Узнав о болезни и отъезде Мари-Анж, Валькур осознал, что еще очень плохо понимал эту снедаемую недугом страну, жизнь которой брал на себя смелость объяснять другим. Жюстен, смотритель бассейна, заразил Мари-Анж. Для тех, кто загорал у бассейна, секс был всего лишь игрой. И, поддавшись этой фривольной атмосфере, Валькур толкнул Мари-Анж в объятия Жюстена, ведь это он их свел и практически насадил эту женщину на его член. А тот без стыда и сожаления признался, что передавал белым вирус, который когда-то они сами занесли черным. Валькур даже не пытался его разубеждать. Он лишь предупредил парня, что, если увидит, как тот пытается кого-нибудь завлечь в свою лачугу, Валькур выложит всю правду директору отеля, который, учитывая все его связи в правительстве, наверняка сумеет засадить Жюстена за решетку.

Валькур все рассказал Жантий, и она отнеслась к этому гораздо спокойнее, чем он думал. Она лишь немного упрекнула его – но разве это можно назвать упреком? – в том, что он ускорил встречу, которая все равно произошла бы, поскольку Мари-Анж, как она выразилась, «бесплатная женщина». И все же, чувствуя себя виноватым, он считал, что должен объясниться.
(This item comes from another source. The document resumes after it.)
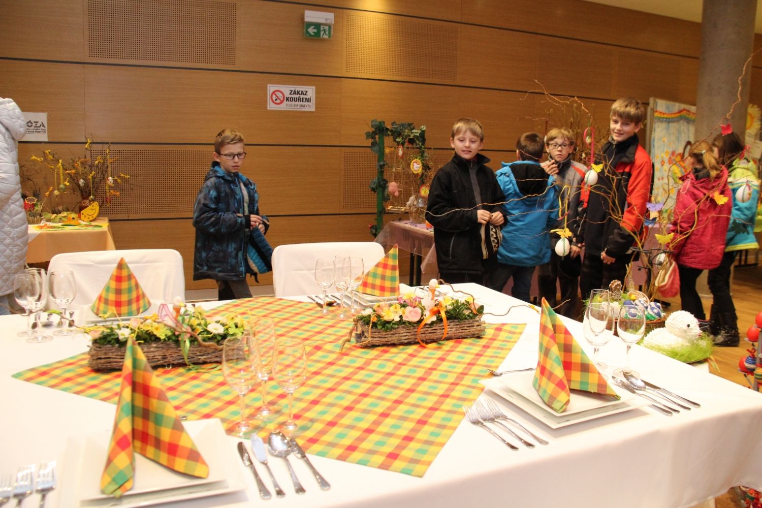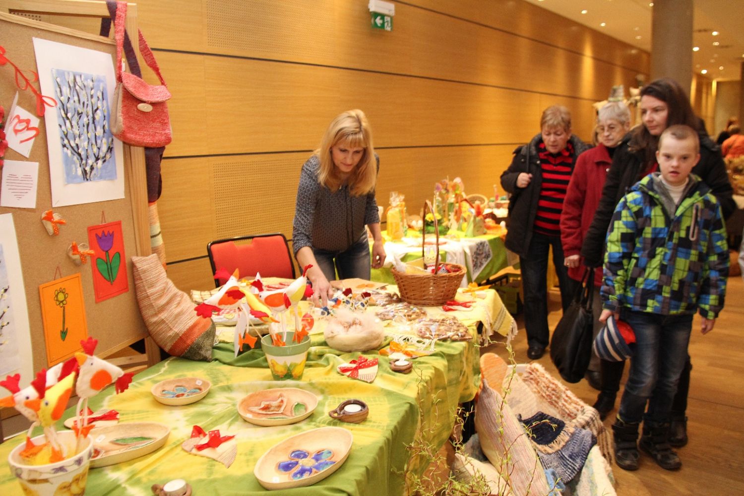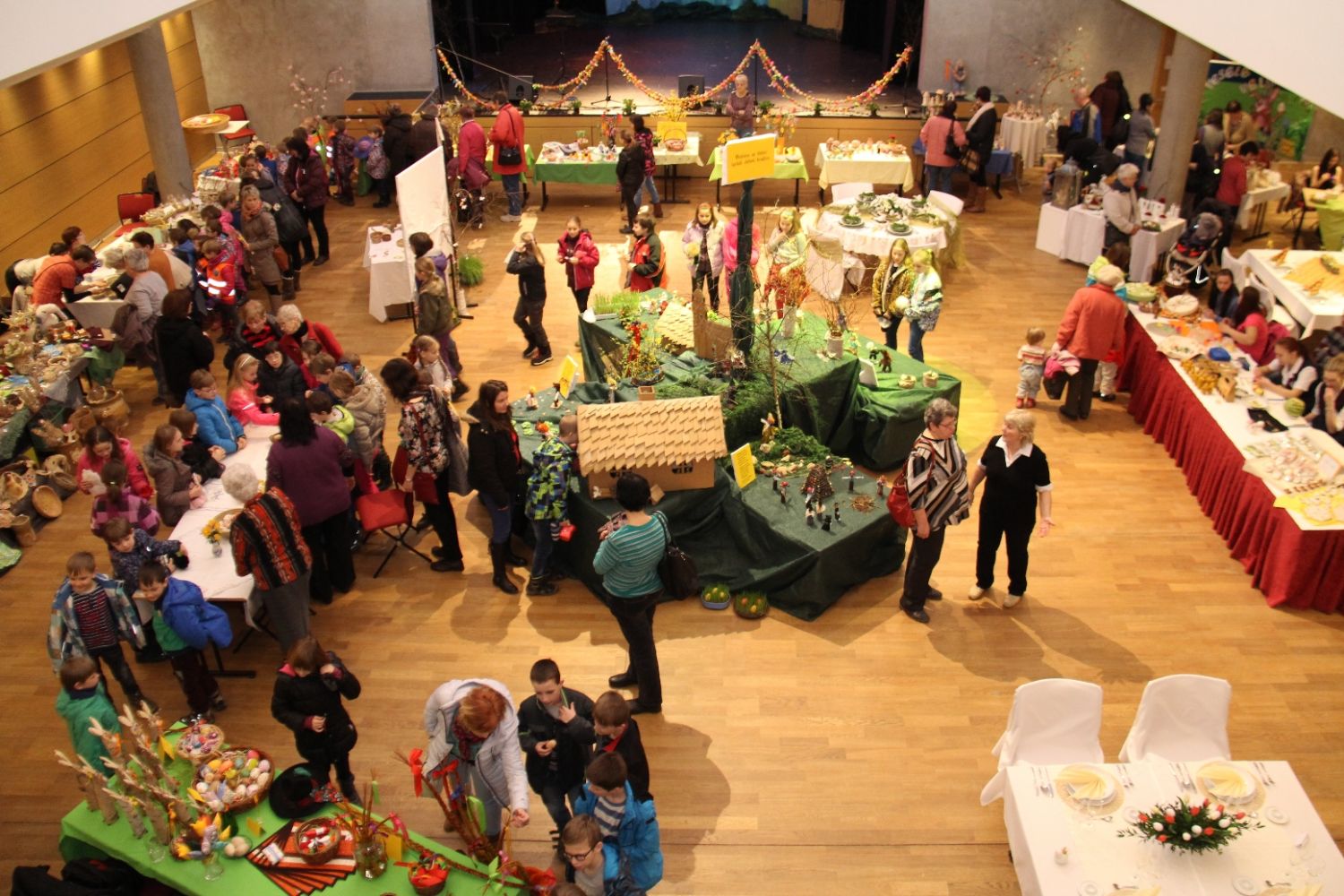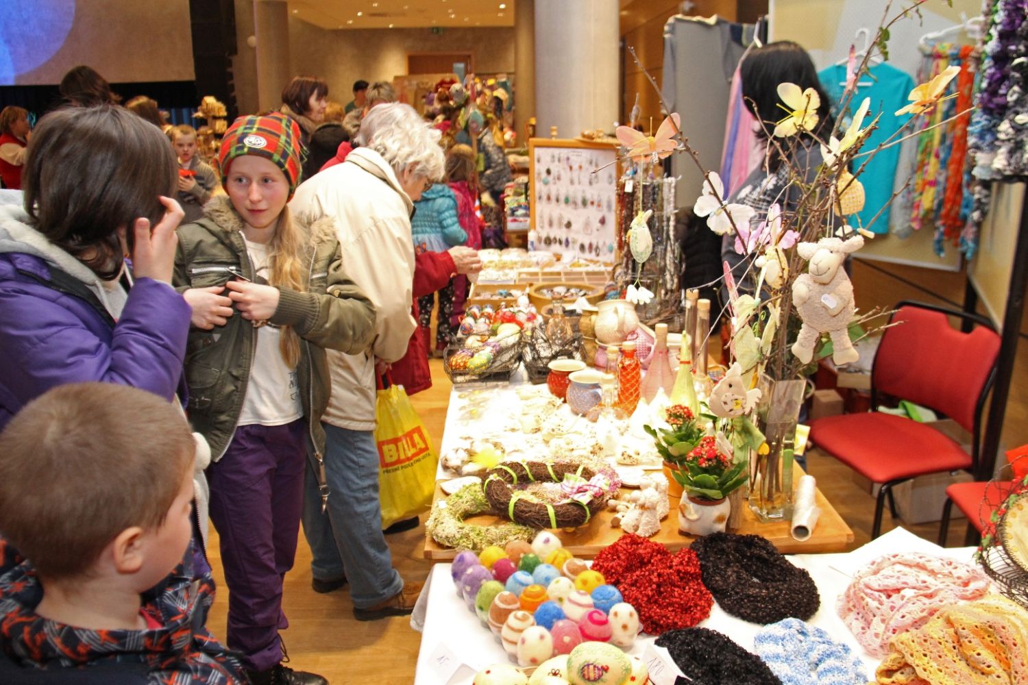 Výstava nese název Přijde jaro přijde..., i když její ranní zahájení doprovázela sněhová nadílka. Ženy připravily pestrou ukázku velikonočních výrobků všeho druhu, z rozličných materiálů a nepřeberného množství nápadů a jarních inspirací. Ukázky své tvorby v sále mají i děti ze zdejších škol, různé organizace i jednotlivci.

– Понимаешь ли, у каждой страны есть свой цвет, запах и своя заразная болезнь. В Канаде – заискивание. Во Франции – зазнайство. В США– зашоренность.

– А в Руанде?

– Безответственность и безнаказанность власти. Здесь царит абсолютный хаос. Для тех, у кого есть деньги или власть, все, что запрещено в других странах, здесь становится возможным и доступным. Надо лишь осмелиться. Жалкий лгунишка у меня на родине здесь может запросто превратиться в мошенника, наш же мошенник у вас становится бессовестным грабителем. Хаос, а главное, окружающая их нищета дают таким людям возможности, которых у них раньше не было.

– Ты говоришь о белых, которые думают, что стоит им только пальцем поманить, и я пойду к ним в номер, о богатых руандийских, которые угрожают, что я потеряю работу, если не пересплю с ними. Но ты же не такой.
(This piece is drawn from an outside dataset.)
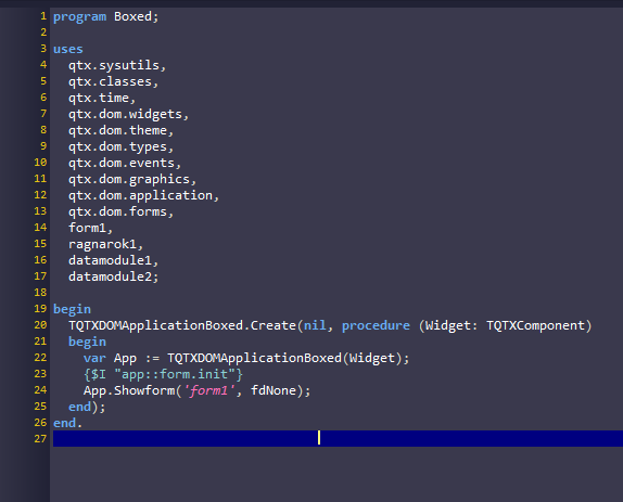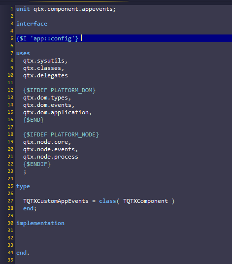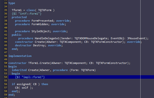 In QTX we have a few so-called ‘magic’ include files that the IDE and compiler generates on the fly. When you start out with QTX one of the first things you notice is that forms have a {$I “intf::form”} coupled with a {$I “impl::form”}, like you see below:

– Я точно так же поступил с мадам Ламарр: я использовал свою власть, играя ее жизнью. Когда приезжаешь сюда, заболеваешь властью. Я в чем-то похож на них. Посмотри на всех этих советников посольств, накачанных и прыщавых десантников, поденщиков международного сообщества, консультантка, которые не могут и дня прожить без того, чтобы не взять какую-нибудь красотку сначала за руку, а потом за задницу. Приезжая сюда, все мы превращаемся в царьков.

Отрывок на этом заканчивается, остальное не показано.